Lightfoot, Heavy Hand

When you’re right, you’re right.

And all of Chicago Mayor Lori Lightfoot’s critics are right that it was wrong for Lightfoot’s deserves-to-fail reelection campaign to solicit teachers to solicit students of the city’s public schools to work for her reelection campaign in exchange for class credit.

A former city inspector general called the move “deeply, deeply problematic.” Local teachers union honchos called it a “shakedown” and “exploitative and wrong.” Mayoral election challenger Brandon Johnson called it “outrageous, desperate, and downright unethical,” an abuse of power.

This may be a case of Corruption Grade B rather than Grade A if, as seems slightly possible, nobody on Lightfoot’s team understood that they were crossing another line in the endless saga of incumbents’ shameless misuse of government-controlled resources for political gain.

First, Lightfoot’s campaign said “this is common practice” and that they were just giving students “the opportunity to learn. . . .”

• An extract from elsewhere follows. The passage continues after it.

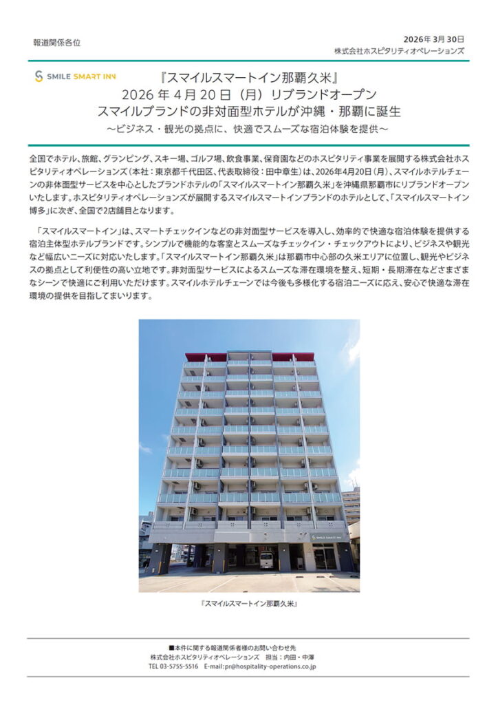 2026年4月20日(月)、スマイルホテルチェーンの非体面型サービスを中心としたブランドホテルの「スマイルスマートイン那覇久米」を沖縄県那覇市にリブランドオープンいたします。ホスピタリティオペレーションズが展開するスマイルスマートインブランドのホテルとして、「スマイルスマートイン博多」に次ぎ、全国で2店舗目となります。

Eventually, they ended up saying that out of an “abundance of caution, we will cease contact with [public school] employees.” Then that campaign staff were being admonished about the “solid wall” that must exist between the campaign and “contacts” with noncampaign government employees.

Is enlisting public school teachers to enlist public school students to help an incumbent mayor’s reelection campaign really so very different from other abuses we have seen before, especially in a super-corrupt town like Chicago?

It doesn’t change the fact that when you’re wrong, you’re wrong.

This is Common Sense. I’m Paul Jacob.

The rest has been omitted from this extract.